Saturday, June 23, 2012

Late to work


The morning started unlike most others – I could barely move my neck. The incessant screams from my cellphones tried in vain to wake me up earlier, and I finally I came to just past nine in the morning. The breakfast remained on the table as I trudged into my comfy hush-puppies and went to the lift door at 9:57 am. Stepping into the lift, I was still dozing, and so it took me all of 20 seconds to realize that I had not moved. Thanking God that the elevator would at least let me out, I made it to the car, and started off for work without much further ado.

God is a comedian, I keep saying. I realized that I didn’t have cash on me, and that my car needed to be fed. So another detour and 20 minutes later, I was back on track, praying to God that I don’t get stuck in the horrid traffic while low on fuel. Think I must’ve made it to the pump on fume alone.

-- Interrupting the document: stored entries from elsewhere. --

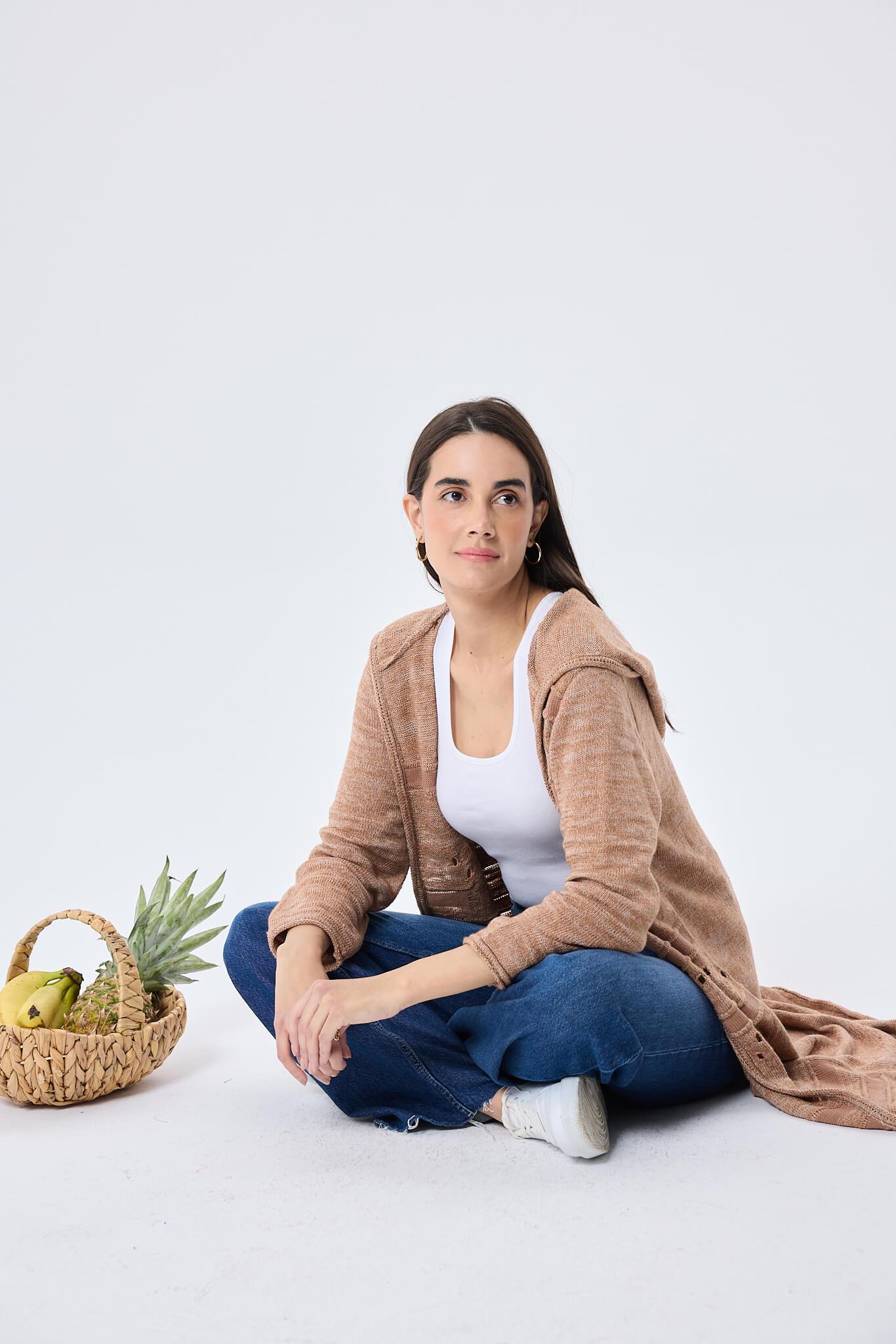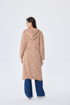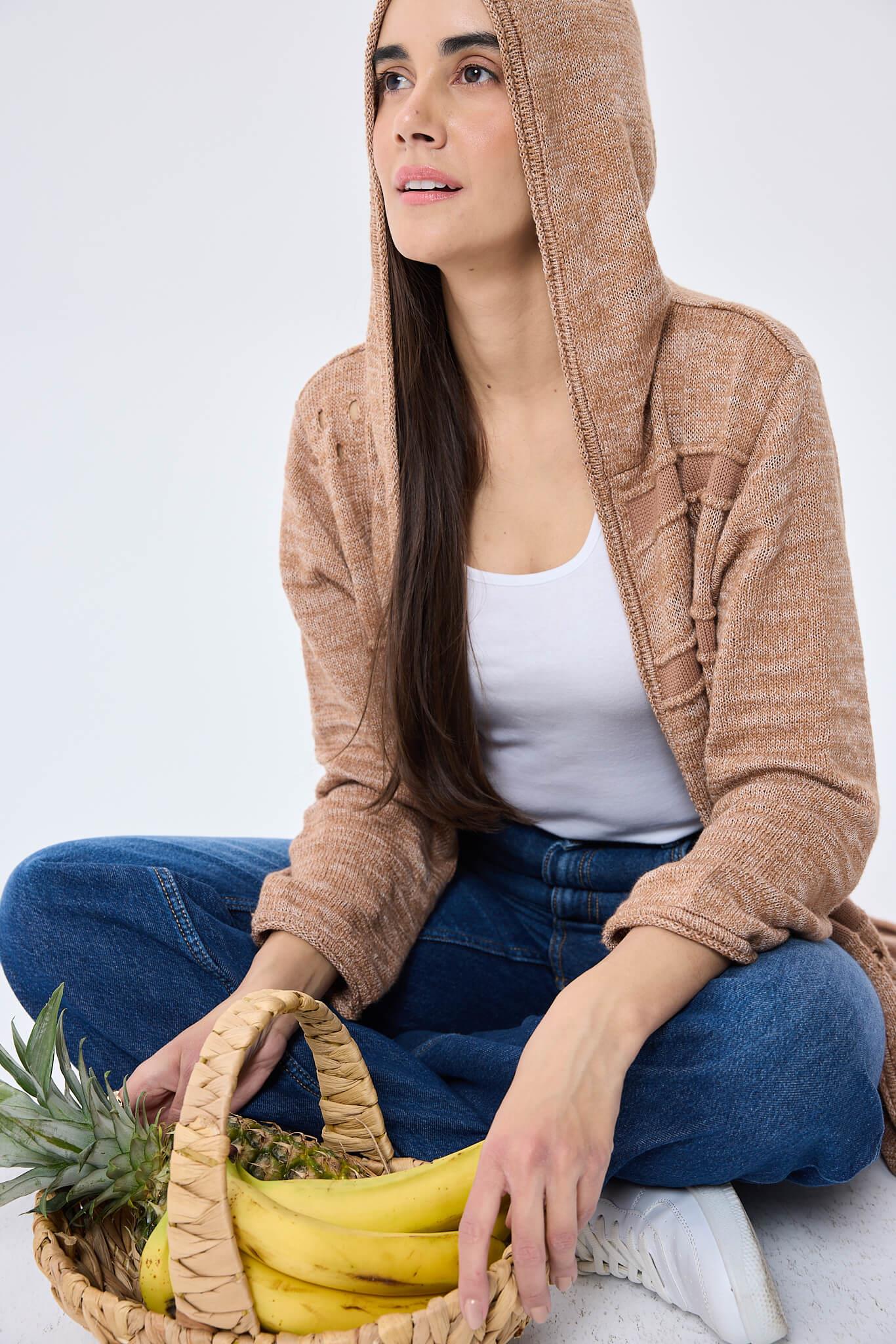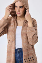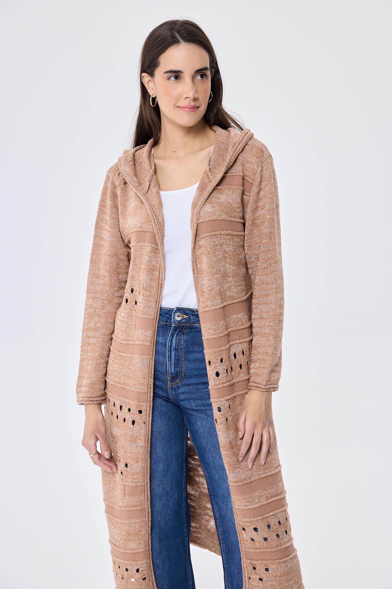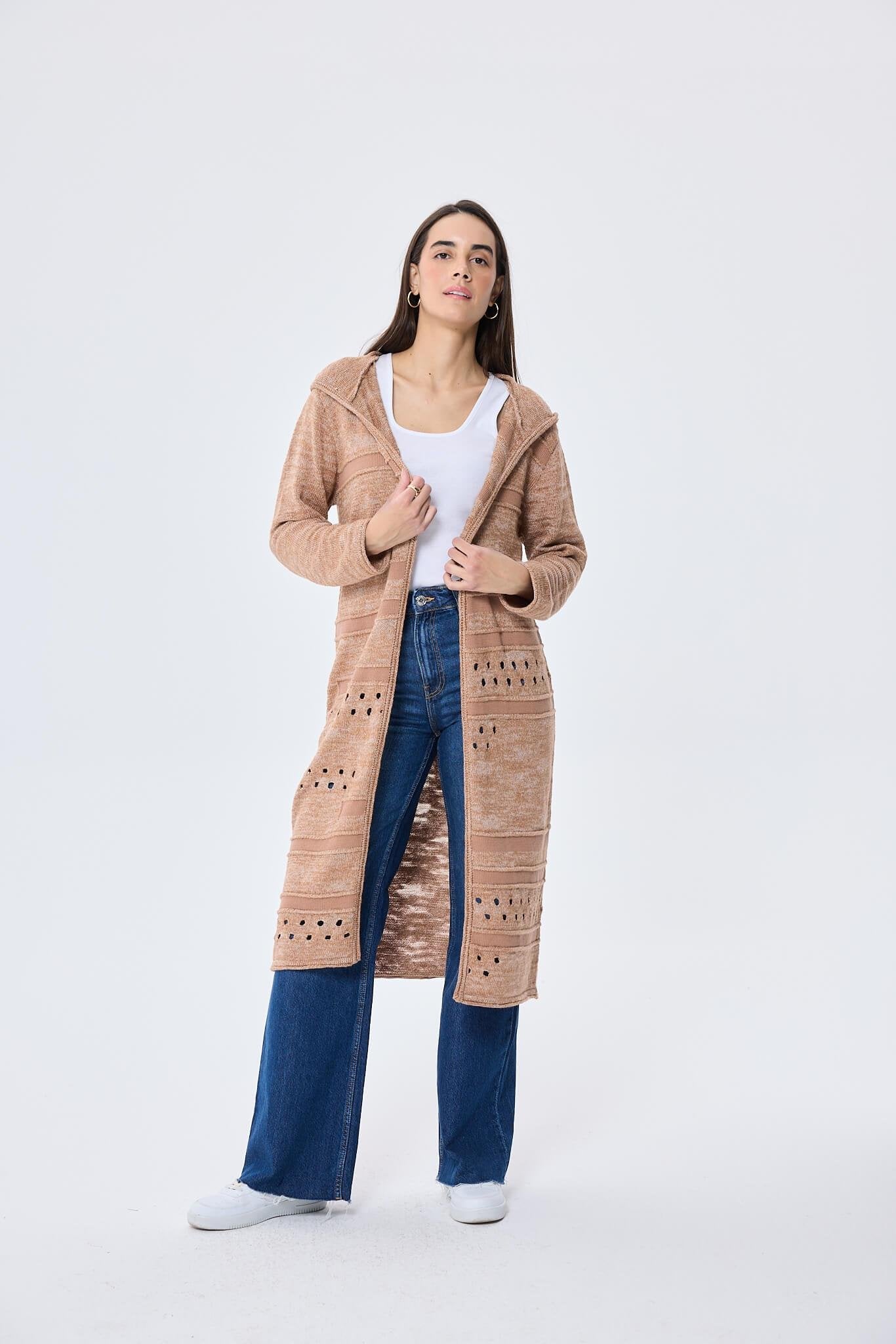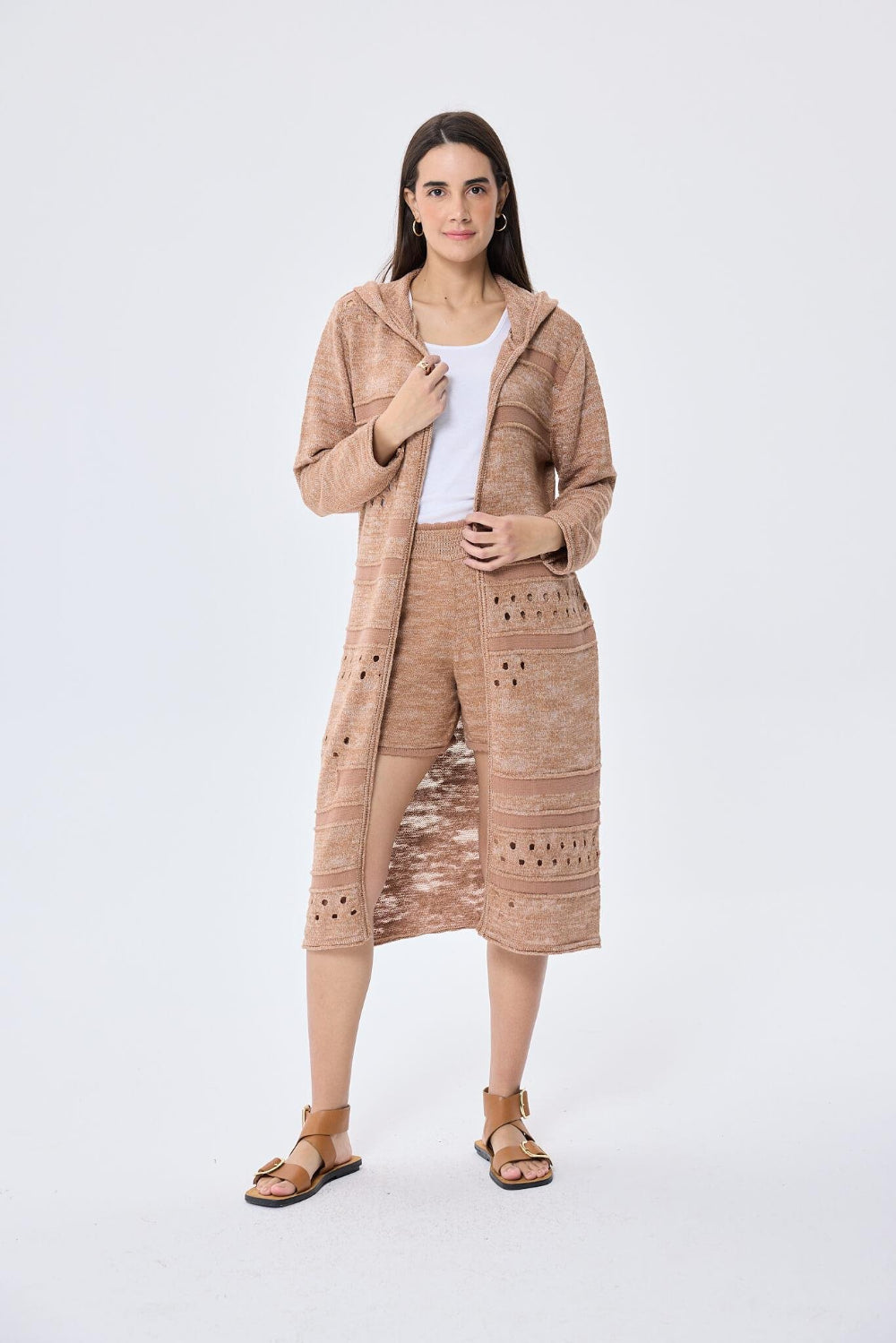 Skyler Ajurlu Kadın Kapüşonlu Yazlık Uzun Triko Hırka Sütlü Kahve Mix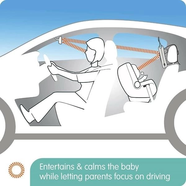 Grâce aux effets lumineux et aux mélodies, l’enfant reste diverti pendant le trajet, ce qui contribue à son apaisement.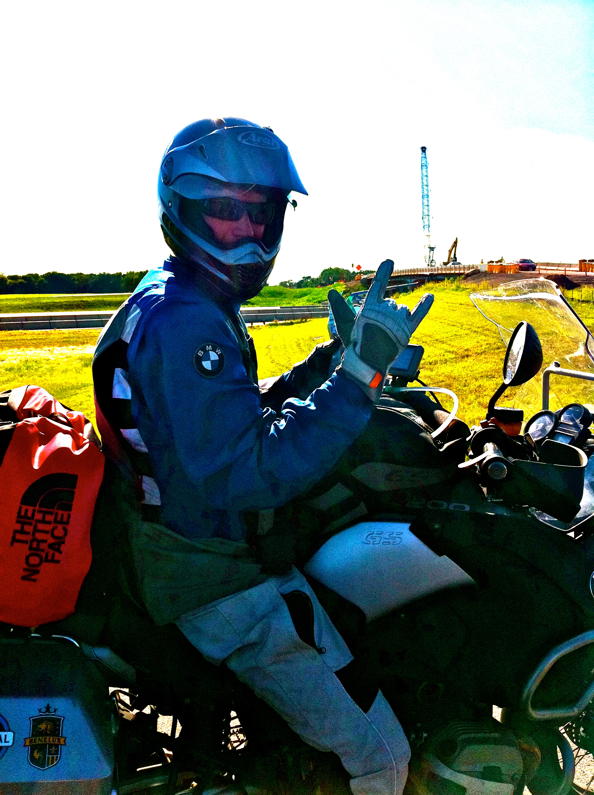 As we left Madison, there wasn’t a cloud in the sky, and the city had that unbridled early morning promise of the green new student untouched by reality and experience. Ah, the bliss of new beginnings. This bliss carried us for about 100 miles until the heat hit. Had we been out for a nice leisurely ride, I wouldn’t have noticed it, but 9 hours of 85 mph+ into a headwind in 85-90 degree weather wore on me. It reminded me of the heat at the Turkish / Russian bathhouse as Boris blasted heat into me with huge palm fronds on the top row of the steam room. Of course, any day you end up drinking vodka with 20 naked Russians at 10 am can’t be all bad, but that’s a story for another time. For now, just think of sticking your face in an oven with a huge fan pushing hot air into your face. I looked like a raccoon at the end of the day. Good look for me – it highlights my German nose, which it does NOT need…

Interestingly, I was in a sprightly mood, and nothing could ebb that. The tension of shipments getting delayed, worker crisis, frequent power-cuts, drops in gas pressure feeding the boilers – all these were there, registering, but not having the regular effect. I got the impression that today was meant for something grander. I was going through the day waiting for that “something” to materialize. Buoyant on the good vibes, I got to work at a comfortable pace, with uncharacteristically low traffic on the way.

I guess being happy is just a mindset. You can be happy despite a zillion problems buzzing around, or you can decide to be morose while riding the crest of a wave. There is so many things that I am thankful for – it is easy to be happy if I just acknowledge them.